━━ SUPPLIED DATA

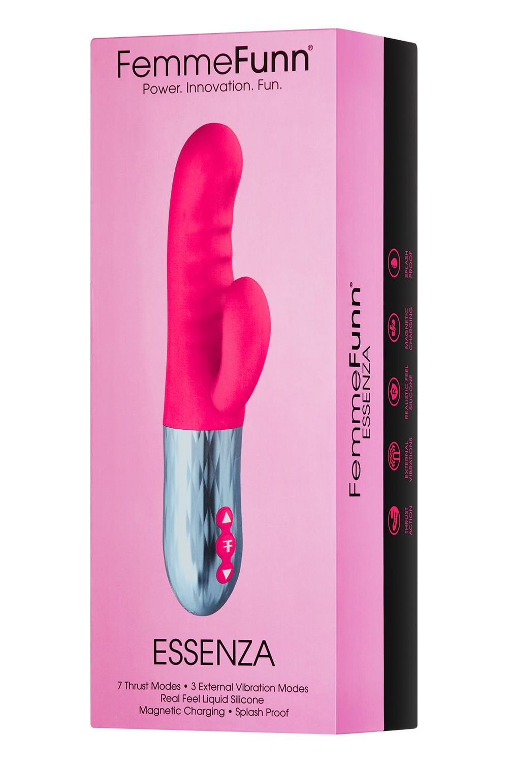Dual Stimulation Rabbit Thrusting VibratorEssenza is our most powerful pleasure tool. The unique thrusting motion allows you to explore your deepest pleasure points, while the powerful vibrations add external stimulation, blending two sensations for double satisfaction.Our proprietary motor gives you the flexibility to control the deep and satisfying thrust modes. Start off slow and build your way up to the highest level of intensity. Add in the 3 external vibrations and reach new levels of dual stimulation.Essenza’s innovation lies in the technology and materials. Our patented thrusting vibrator mechanism creates real-feel motion with unparalleled power. The soft liquid silicone is body-safe, easy to clean, and smoothly transmits the vibrations.The curved shape of Essenza allows you to direct the thrusts at your G-spot. Ready to step up the sensation? Power on the rabbit and feel the vibrations inside and out. Used solo or with a partner, this toy is sure to please.Length: 9.6 inches / 24,4 cmWidth: 1.3 inches / 3,3 cmInsertable Length: 4.3 inches / 10,9 cm3 Vibration modes7 Thrust speedsLiquid SiliconeSculpted G-spot stimulatorApprox. 1/2 inch of thrust expansion100% SplashproofMagnetic chargingMaterial: Liquid Silicone, ABS PlasticBattery: Li-ionCharging Voltage: 7.4VRun Time: Approx. 50 Minutes at Highest Setting*Charge Time: Approx. 4 Hours**Charging and use times are estimates only.Battery life varies over time, and all batteries experience a decline in useful life over time.
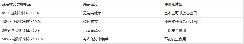 以農(nóng)藥殘留檢測(cè)儀測(cè)時(shí)其抑制率一般可自動(dòng)計(jì)算。若樣品抑制率≥50%,表示樣品農(nóng)殘超標(biāo),為陽(yáng)性結(jié)果。陽(yáng)性結(jié)果的樣品需做2次以上重復(fù)檢測(cè),多次檢測(cè)仍呈陽(yáng)性需用氣相色譜等儀器做進(jìn)一步確認(rèn)。
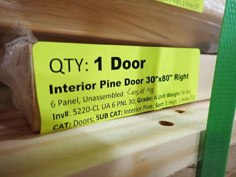 Unassembled Interior 6 Panel Clear Pine Door 30"x80" RH. Grade: A Weight: x. Sold by: Door. Sold as: Price x Quantity.
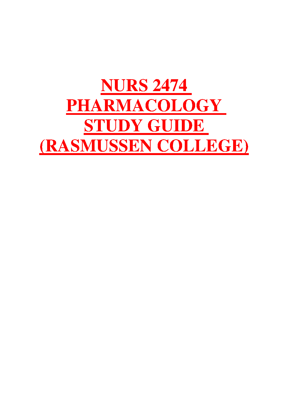 NUR 2474 Pharmacology Exam 1 Rasmussen. RATED A+
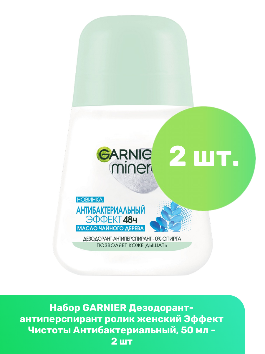 GARNIER Дезодорант-антиперспирант ролик женский Эффект Чистоты Антибактериальный, 50 мл - 2 шт интересное:

━━━━

TO DO:
Return the data exactly. Pictures stay out.

EXPECTED ANSWER:
Dual Stimulation Rabbit Thrusting VibratorEssenza is our most powerful pleasure tool. The unique thrusting motion allows you to explore your deepest pleasure points, while the powerful vibrations add external stimulation, blending two sensations for double satisfaction.Our proprietary motor gives you the flexibility to control the deep and satisfying thrust modes. Start off slow and build your way up to the highest level of intensity. Add in the 3 external vibrations and reach new levels of dual stimulation.Essenza’s innovation lies in the technology and materials. Our patented thrusting vibrator mechanism creates real-feel motion with unparalleled power. The soft liquid silicone is body-safe, easy to clean, and smoothly transmits the vibrations.The curved shape of Essenza allows you to direct the thrusts at your G-spot. Ready to step up the sensation? Power on the rabbit and feel the vibrations inside and out. Used solo or with a partner, this toy is sure to please.Length: 9.6 inches / 24,4 cmWidth: 1.3 inches / 3,3 cmInsertable Length: 4.3 inches / 10,9 cm3 Vibration modes7 Thrust speedsLiquid SiliconeSculpted G-spot stimulatorApprox. 1/2 inch of thrust expansion100% SplashproofMagnetic chargingMaterial: Liquid Silicone, ABS PlasticBattery: Li-ionCharging Voltage: 7.4VRun Time: Approx. 50 Minutes at Highest Setting*Charge Time: Approx. 4 Hours**Charging and use times are estimates only.Battery life varies over time, and all batteries experience a decline in useful life over time.
 以農(nóng)藥殘留檢測(cè)儀測(cè)時(shí)其抑制率一般可自動(dòng)計(jì)算。若樣品抑制率≥50%,表示樣品農(nóng)殘超標(biāo),為陽(yáng)性結(jié)果。陽(yáng)性結(jié)果的樣品需做2次以上重復(fù)檢測(cè),多次檢測(cè)仍呈陽(yáng)性需用氣相色譜等儀器做進(jìn)一步確認(rèn)。
 Unassembled Interior 6 Panel Clear Pine Door 30"x80" RH. Grade: A Weight: x. Sold by: Door. Sold as: Price x Quantity.
 NUR 2474 Pharmacology Exam 1 Rasmussen. RATED A+
 GARNIER Дезодорант-антиперспирант ролик женский Эффект Чистоты Антибактериальный, 50 мл - 2 шт интересное:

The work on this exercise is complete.